**Problem description:**
Beginning with the line that contains "Gothic Plus Size" and ending with the line that contains "Mid Century Lounge", reproduce the lines of the entries below exactly, omitting pictures.

[Input records]

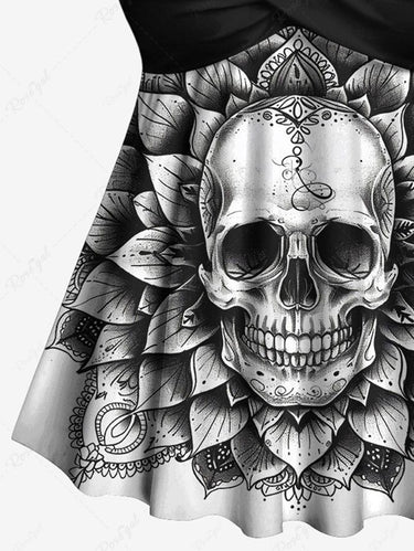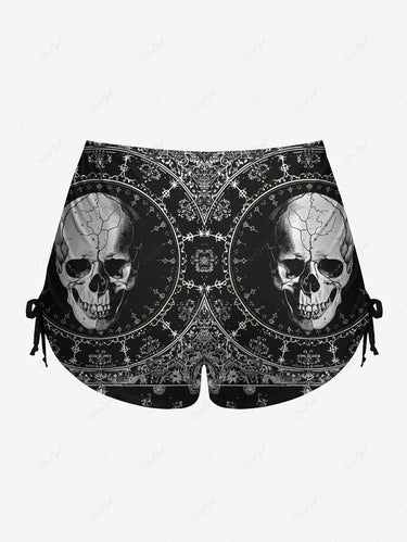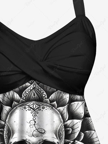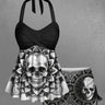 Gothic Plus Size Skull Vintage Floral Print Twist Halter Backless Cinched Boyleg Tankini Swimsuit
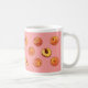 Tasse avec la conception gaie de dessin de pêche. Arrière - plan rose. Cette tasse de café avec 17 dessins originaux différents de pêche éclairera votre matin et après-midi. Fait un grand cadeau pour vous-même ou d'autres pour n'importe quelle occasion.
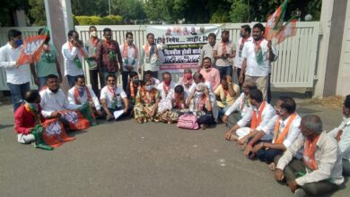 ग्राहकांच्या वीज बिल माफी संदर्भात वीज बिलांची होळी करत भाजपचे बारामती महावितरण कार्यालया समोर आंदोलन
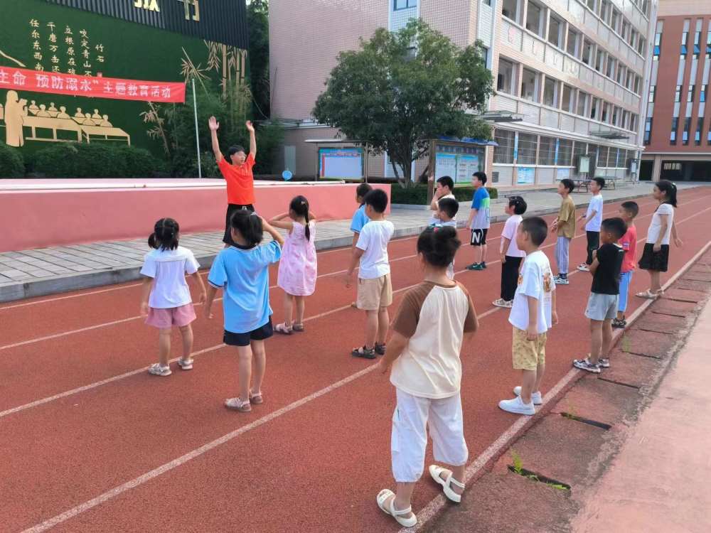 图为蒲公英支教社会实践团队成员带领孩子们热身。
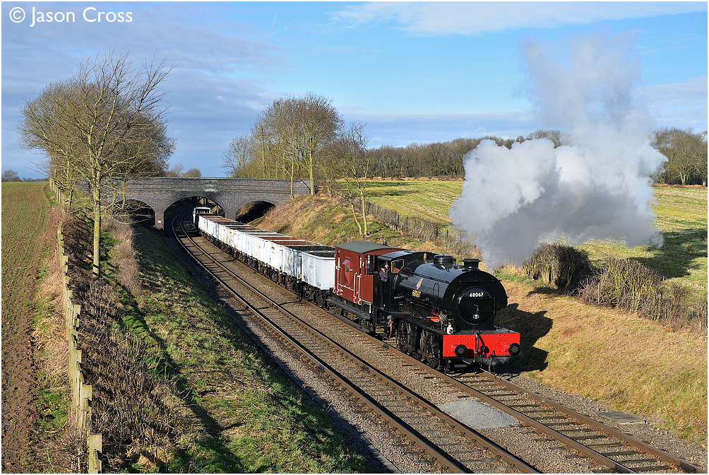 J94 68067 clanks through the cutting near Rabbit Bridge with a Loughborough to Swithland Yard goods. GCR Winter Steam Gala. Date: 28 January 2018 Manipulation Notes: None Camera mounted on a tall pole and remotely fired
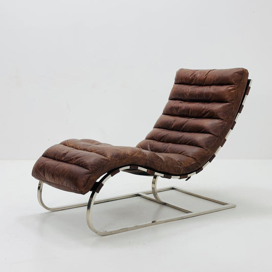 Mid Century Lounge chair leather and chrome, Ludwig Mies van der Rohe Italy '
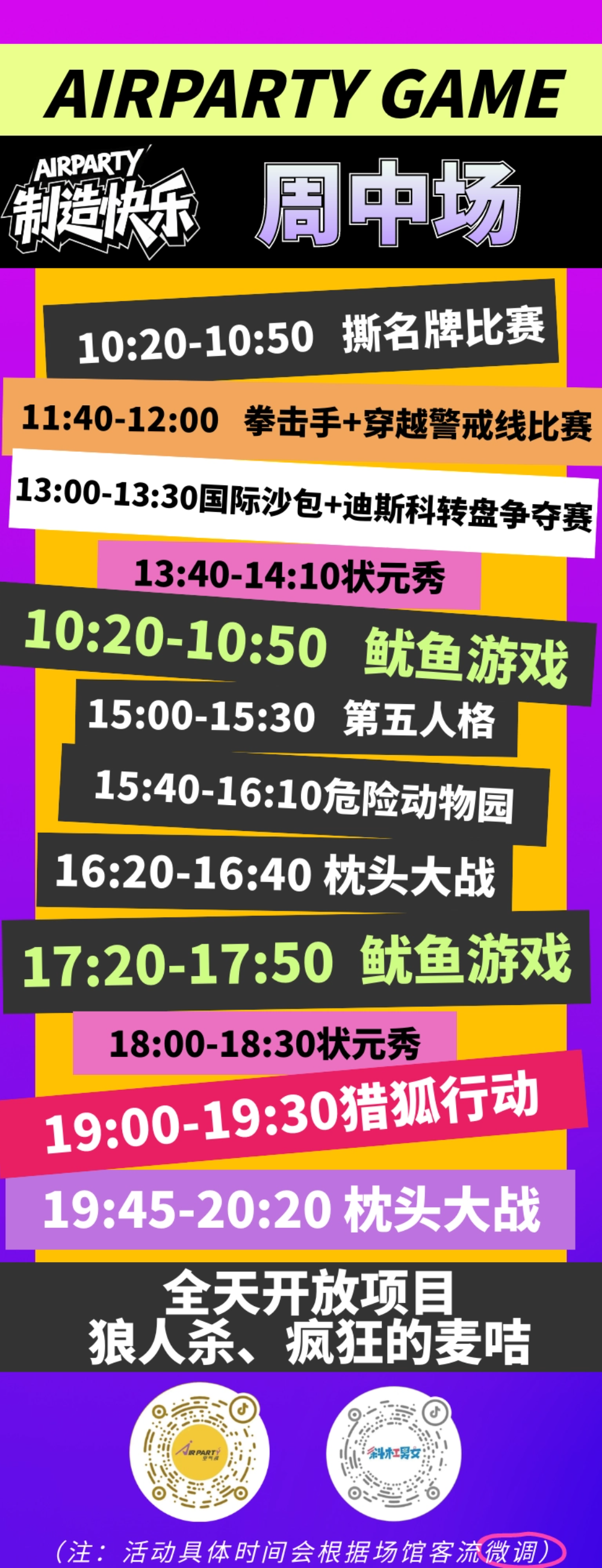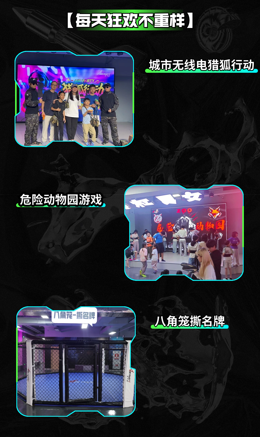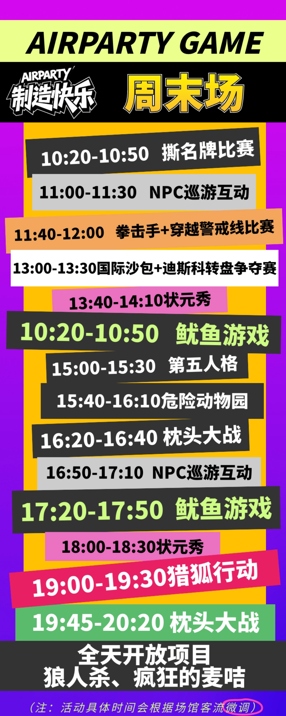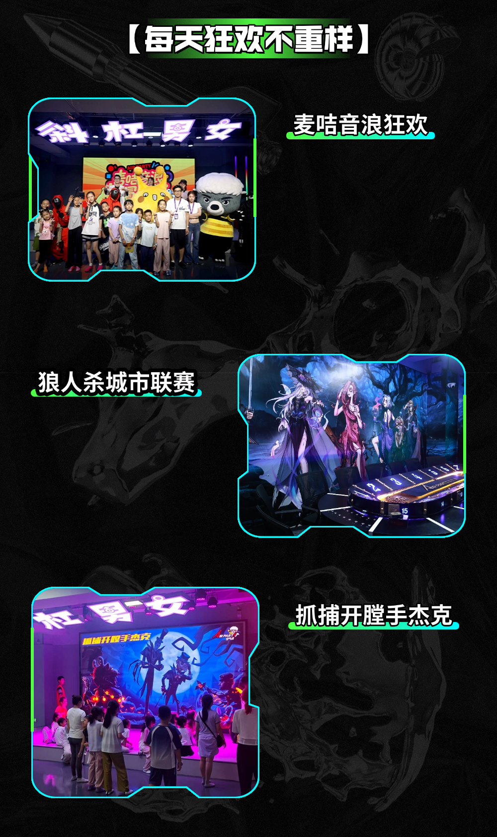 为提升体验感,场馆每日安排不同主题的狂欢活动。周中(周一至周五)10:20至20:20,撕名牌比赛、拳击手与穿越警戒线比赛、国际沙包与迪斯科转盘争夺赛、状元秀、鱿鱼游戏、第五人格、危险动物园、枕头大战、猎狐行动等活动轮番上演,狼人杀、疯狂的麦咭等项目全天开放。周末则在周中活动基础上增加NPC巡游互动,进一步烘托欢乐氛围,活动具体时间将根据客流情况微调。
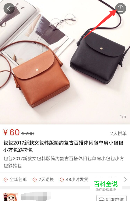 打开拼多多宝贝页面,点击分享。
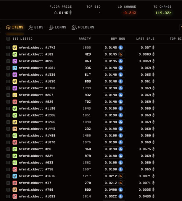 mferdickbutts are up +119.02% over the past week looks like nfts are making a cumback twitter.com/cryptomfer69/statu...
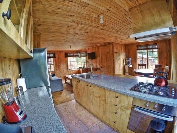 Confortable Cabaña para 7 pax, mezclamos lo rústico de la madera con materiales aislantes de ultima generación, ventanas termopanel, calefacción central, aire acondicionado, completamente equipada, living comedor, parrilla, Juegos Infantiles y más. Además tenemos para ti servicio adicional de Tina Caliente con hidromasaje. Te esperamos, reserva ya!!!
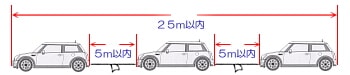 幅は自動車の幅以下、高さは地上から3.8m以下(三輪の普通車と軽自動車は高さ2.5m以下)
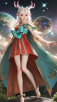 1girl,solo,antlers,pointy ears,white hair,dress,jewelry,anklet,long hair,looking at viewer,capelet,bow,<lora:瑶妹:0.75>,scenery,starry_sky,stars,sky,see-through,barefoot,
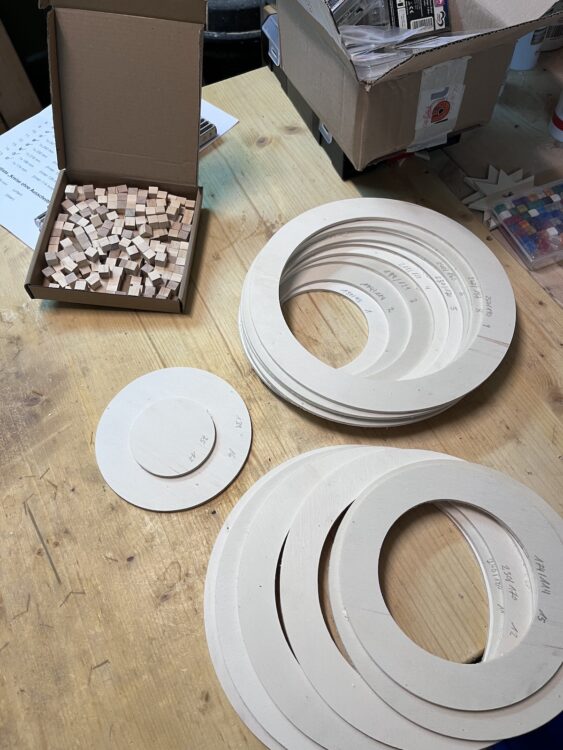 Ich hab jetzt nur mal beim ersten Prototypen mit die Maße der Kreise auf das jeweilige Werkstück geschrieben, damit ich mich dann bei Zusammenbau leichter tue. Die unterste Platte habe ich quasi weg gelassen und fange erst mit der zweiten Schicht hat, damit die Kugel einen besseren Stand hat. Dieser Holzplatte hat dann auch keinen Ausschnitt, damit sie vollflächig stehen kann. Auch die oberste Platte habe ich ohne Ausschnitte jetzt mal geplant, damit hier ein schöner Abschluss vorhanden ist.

[/Input records]
[Input records]

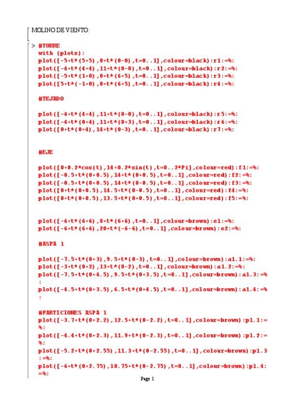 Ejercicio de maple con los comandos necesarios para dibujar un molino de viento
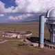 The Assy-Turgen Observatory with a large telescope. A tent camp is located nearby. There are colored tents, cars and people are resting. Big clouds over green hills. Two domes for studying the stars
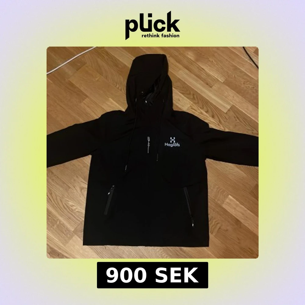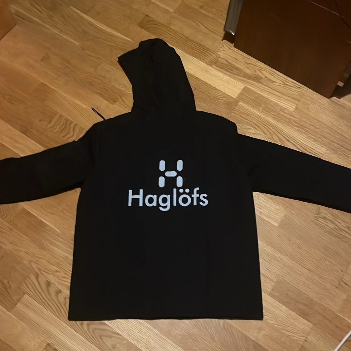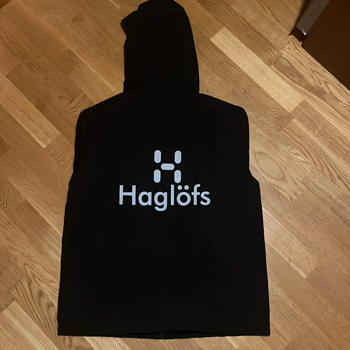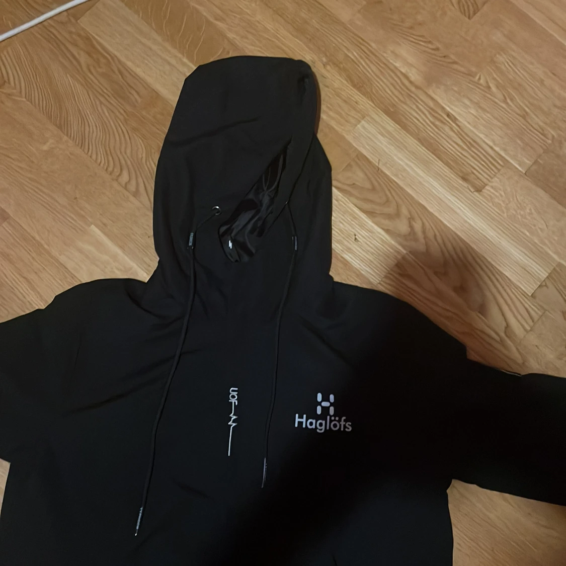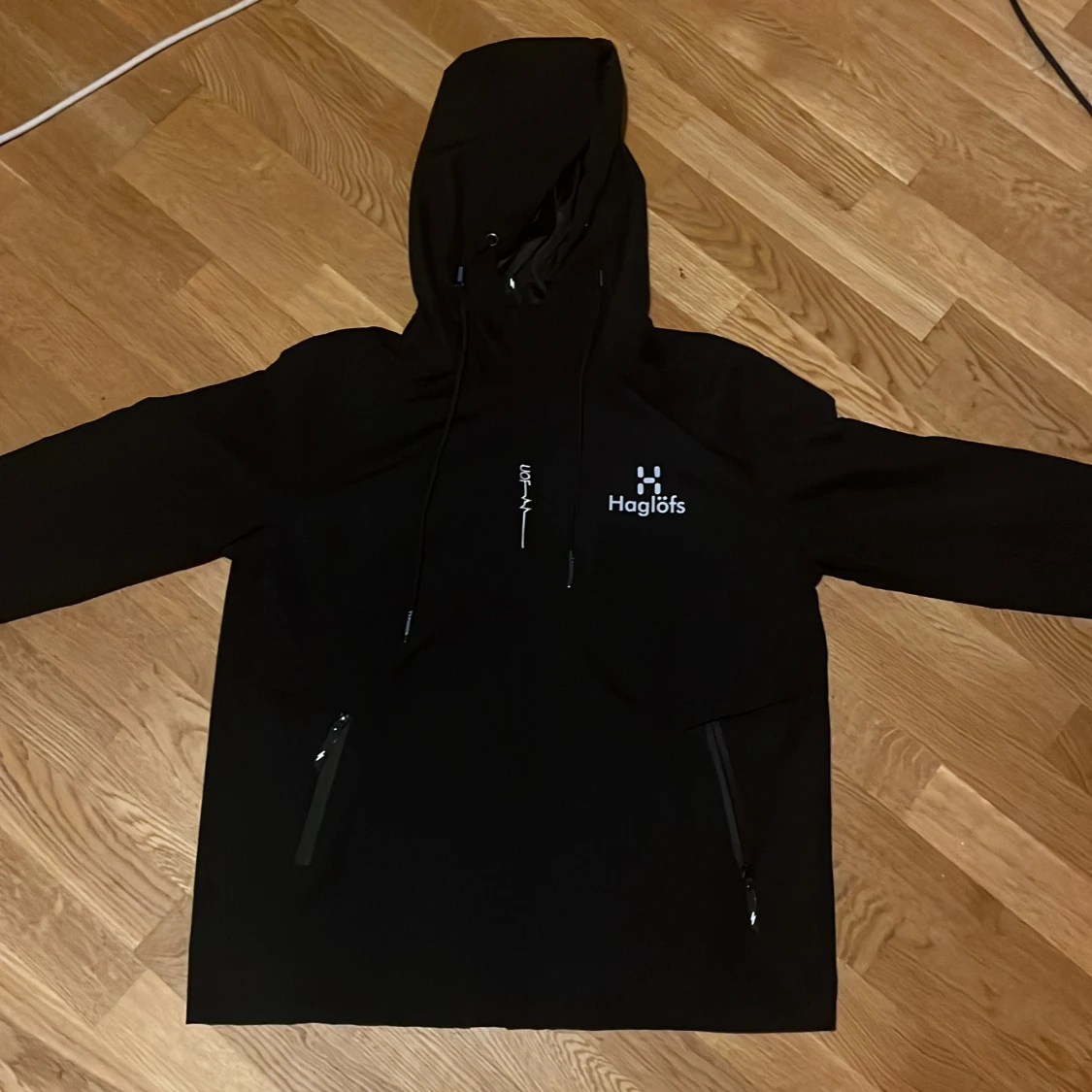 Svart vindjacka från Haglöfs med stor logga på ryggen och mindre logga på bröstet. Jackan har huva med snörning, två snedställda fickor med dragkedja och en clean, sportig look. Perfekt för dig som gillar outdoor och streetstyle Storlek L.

[/Input records]
[Input records]

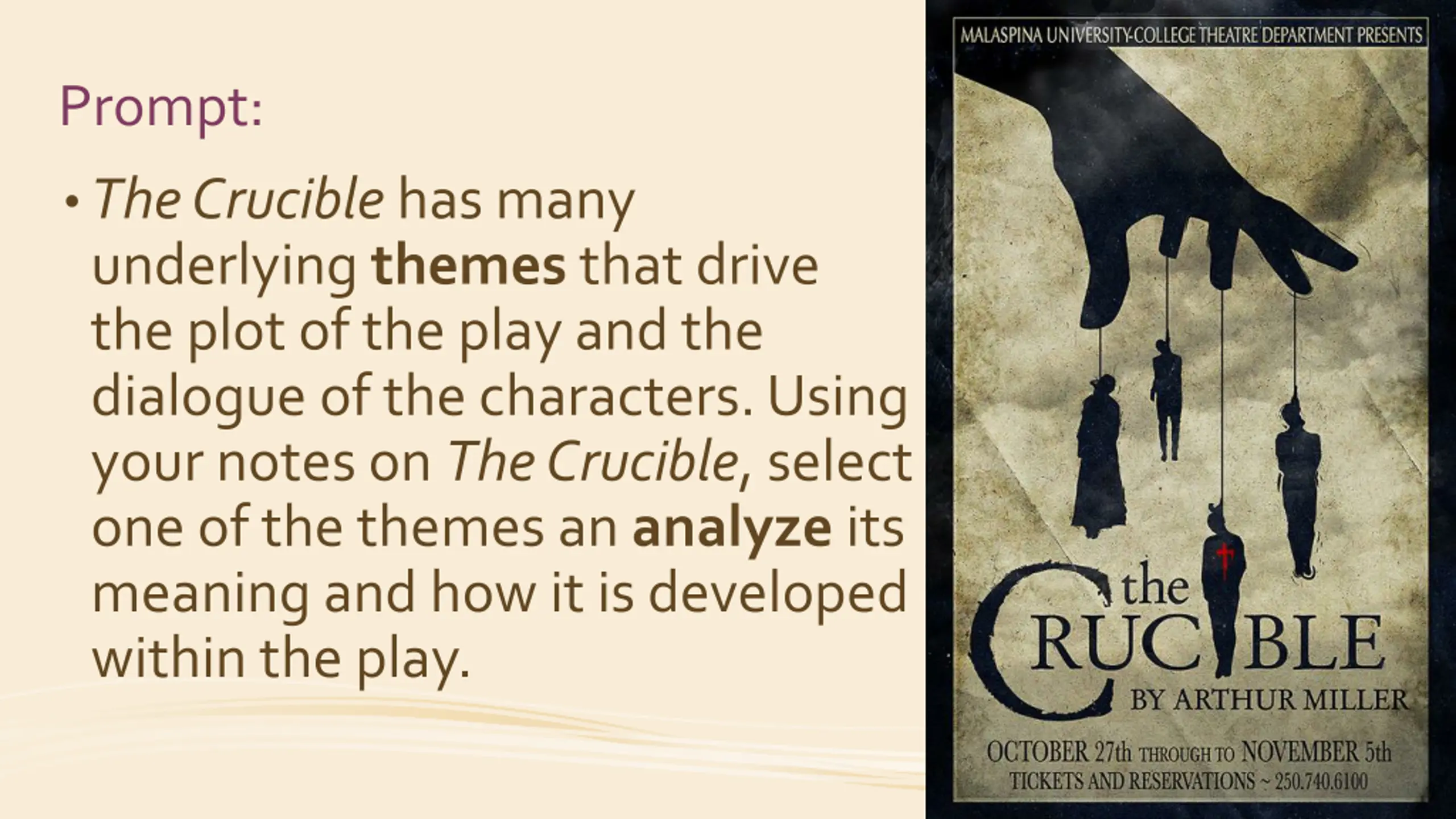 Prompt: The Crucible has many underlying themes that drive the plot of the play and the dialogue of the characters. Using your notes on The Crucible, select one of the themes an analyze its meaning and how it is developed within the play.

[/Input records]

**Problem solution:**
 Gothic Plus Size Skull Vintage Floral Print Twist Halter Backless Cinched Boyleg Tankini Swimsuit
 Tasse avec la conception gaie de dessin de pêche. Arrière - plan rose. Cette tasse de café avec 17 dessins originaux différents de pêche éclairera votre matin et après-midi. Fait un grand cadeau pour vous-même ou d'autres pour n'importe quelle occasion.
 ग्राहकांच्या वीज बिल माफी संदर्भात वीज बिलांची होळी करत भाजपचे बारामती महावितरण कार्यालया समोर आंदोलन
 图为蒲公英支教社会实践团队成员带领孩子们热身。
 J94 68067 clanks through the cutting near Rabbit Bridge with a Loughborough to Swithland Yard goods. GCR Winter Steam Gala. Date: 28 January 2018 Manipulation Notes: None Camera mounted on a tall pole and remotely fired
 Mid Century Lounge chair leather and chrome, Ludwig Mies van der Rohe Italy '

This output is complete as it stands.